Description
The “Admiralty Edition” of Narrative of the Second Voyage in Search of the North-West Passage and The Appendix, by Sir John Ross, published in London in 1835.
Quarto, xxxiii, [1], 740; [Appendix], xii, [1], 120pp, cxliv, cii, [errata]. Contemporary quarter brown calf, decorative gilt bands, marbled boards. Bookplate of Ernest Thompson Seton on the front pastedown of both volumes. Booksellers’ small label on rear pastedown of both volumes. Both works are complete, with 30 plates and charts (9 hand-colored) and a large hand-colored map of the Boothia Peninsula; 20 plates (nine hand-colored) in Appendix. Frontispiece portrait of Sir John Ross in the Appendix. Clean text throughout, solid text block. Scattered foxing and toning to plates, color plates all fine. Archival repair to closed tear along margin of fold-out map.
(Arctic Bibliography 14866) (Sabin 73381) (Sabin 73384) (Hill 1490)
The appendix was printed in fewer numbers than the full narrative and is a scarce text in complete form. Contains additional accounts of the native populations of the arctic region and samples of their language.
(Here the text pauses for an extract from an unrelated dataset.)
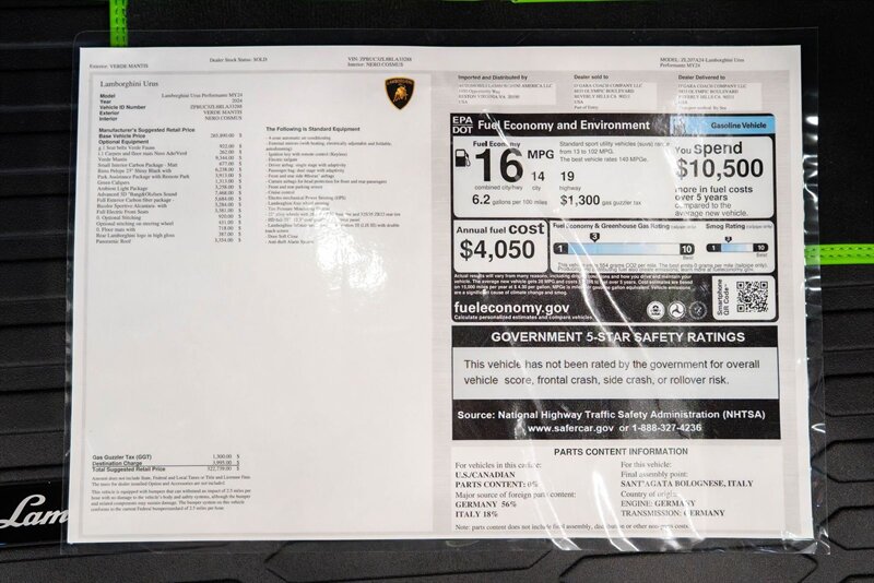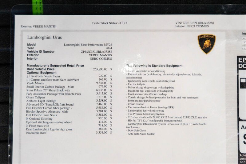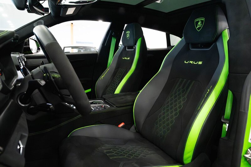 2024 Lamborghini Performante Urus Clean CARFAX. Verde Mantis Metallic 4.0L V8 Twin Turbocharged AWD Seat Belts Verde, Floor Mats Nero/ Verde, Vented Seats, Heated Seats, Massage Seats, 1 Owner, Advanced 3D Bang & Olufsen Sound System, Ambient Light Package, Bicolor Sportivo Alcantara Seat Upholstery, Ceramic disc brakes: front and rear, Full Exterior Carbon Fiber Package - Shiny, Green Calipers, Panoramic Roof, Park Assistant Package, Small Interior Carbon Package - Matt, Wheels: 23'' Pelope Shiny Black.

John Ross (1777-1856) a British naval officer and explorer, undertook a second Arctic voyage in 1829-33 aboard the steam-assisted paddle vessel Victory, pursuing the Northwest Passage after his disputed 1818 findings. Entering Prince Regent Inlet, Ross wintered at Felix Harbour on the Boothia Peninsula, where his nephew James Clark Ross made the major geographical discovery of the North Magnetic Pole in 1831. Ice pressure trapped Victory for multiple seasons and forced a prolonged retreat by boat and sled to Lancaster Sound, where the party was eventually rescued by a whaling ship in 1833; despite the loss of the vessel, the expedition produced valuable magnetic and cartographic data and rehabilitated Ross’s standing within the British scientific and naval community.